Recent work by Salim et al. (2009) compared NUV/optical SFRs with L_TIR calibrated from 24 μm fluxes for red- and green-sequence objects at z ∼ 0.7 (corresponding to rest-frame 14 μm, close to the WISE 12 μm band). They find large excess IR emission for a given SFR, attributed mainly to older stellar populations, and to a lesser extent to an AGN. We find broadly consistent results, but for 12 μm selected AGN sources with optical SFRs. Kelson & Holden (2010) have suggested that thermally pulsating asymptotic giant branch (TP-AGB) carbon stars with ages of 0.2–1.5 Gyr (corresponding to D₄₀₀₀ ∼1.2–1.5) can also contribute significantly to the mid-IR flux. As seen in Section 3.3, this does not seem to be important for our much older, weak AGNs, and perhaps marginally relevant in strong AGNs that have typical stellar ages slightly above the upper 1.5 Gyr limit. The case of SF galaxies is interesting because most of the 12 μm luminosity seems to originate from galaxies in the ∼0.3–0.6 Gyr age range and this luminosity correlates relatively well with the optical SFR. While the age ranges seems to overlap, it is difficult to prove whether TP-AGB dominate the emission or not. Further SED decomposition and modeling of stellar populations is required to find the fraction of mid-IR luminosity powered by TP-AGB stars, a task that is potentially complicated by metallicity effects and uncertainties in the ensemble colors of such stars. However, the general picture is consistent with previous results (Salim et al. 2009; Kelson & Holden 2010) that find evidence for the mid-IR being sensitive to star formation over relatively long (>1.5 Gyr) timescales.
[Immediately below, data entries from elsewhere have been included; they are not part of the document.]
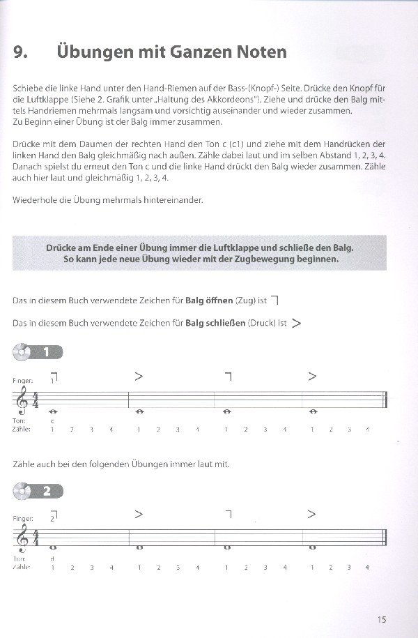 Musiktheorie, Spielstücke und Übungen Haltung und Balgführung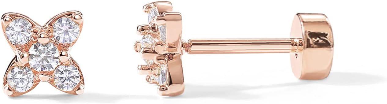 PAVOI 14K Gold Plated Sterling Silver Posts Dainty Mini Multi-Shape Flat Back Stud Earring Pack for Women | Helix Cartilage Piercing Jewelry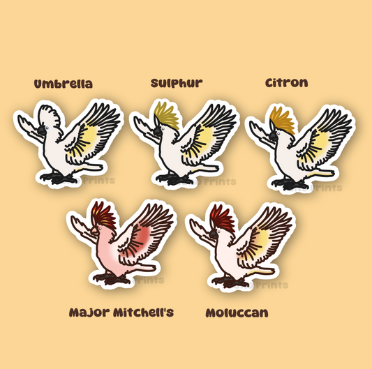 Cockatoo- 3" Waterproof, UV-Resistant Sticker or 2" Acrylic Keychain, 3" Keychain - Umbrella, Sulphur, Citron, Moluccan, Major-Mitchells Parrot Bird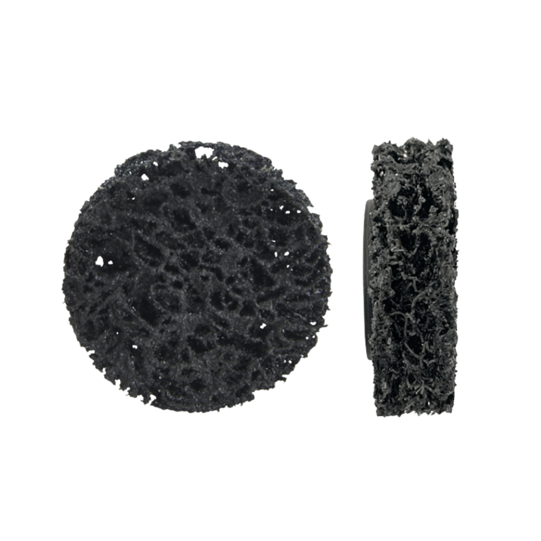 Non-tissé grossier de nettoyage, garni de grains de ponçage. Pour dérouiller, enlever la peinture, matifier et décalaminer des surfaces métalliques. Pour la préparation de travaux de soudage. Effet purement superficiel. Ø 50 mm. 6 pièces

Finally, we consider composite systems, which present considerable SF activity along with spectral signatures of an AGN (middle panel of Figure 6). By definition, these objects have up to 40% (see B04) of their Hα emission coming from a non-stellar origin, though the fraction is <15% for most galaxies. With masses, ages, and optical colors intermediate between the SF and AGN sequences, composite galaxies closely follow the Kennicutt relation, except at the low SFR end where older stars once again begin to dominate. A least-squares fit for composite galaxies has a slope intermediate between AGNs and SF galaxies, and is given by

$$\begin{eqnarray} &&\log L^{\rm comp}_{\rm 12\,\mu m}=(0.671\,\pm\, 0.003)\log {\rm SFR}_{\rm opt}+(9.249\,\pm\, 0.002).\nonumber\\ \end{eqnarray} \tag{ 3 }$$

We note that the optical SFRs utilized here, while not ideal, are probably the best estimates publicly available for such a large and diverse population of galaxies in the local universe. Other methodologies that use more sophisticated dust corrections and employ H₂, FIR, or radio data could provide more accurate values, but are difficult to apply across the entire sample and data are not always available (see Saintonge et al. 2011 for a calibration of SFR based on H₂ masses). This is particularly relevant for SFRs in AGNs, which can present large >0.5 dex formal errors (see Figure 14 of Brinchmann et al. 2004). We have verified that the SDSS SFRs in our sample are in broad agreement with UV-based SFRs derived by Salim et al. (2007) (S. Salim 2011, private communication), with an average offset/scatter of 0.055/0.387 for the total sample (0.013/0.334 for strong AGNs and 0.242/0.567 for weak AGNs).

WISE is less sensitive at 22 μm than at 12 μm, but a significant fraction of our sample (∼30%) has measured 22 μm fluxes above 5 mJy (note we find no 22 μm galaxies without 12 μm detection). Similar to the 12 μm sample, this 22 μm subsample is a mixture comprised of 65% SF galaxies, 14% AGNs, and 19% composite systems. However, the fraction of strong AGNs is 38%, compared to 16% for 12 μm sources. As 22 μm is closer to the dust emission peak and is not affected by polycyclic aromatic hydrocarbon (PAH) emission features, it is interesting to compare with the 12 μm galaxies of our previous analysis. Figure 6 shows the linear fits for the 22 μm subsample (triangle markers). These relations are very similar to the 12 μm fits (solid line for SF galaxies, square markers for AGNs, and composite galaxies) supporting the independence of our results on the particularities of a single mid-IR band.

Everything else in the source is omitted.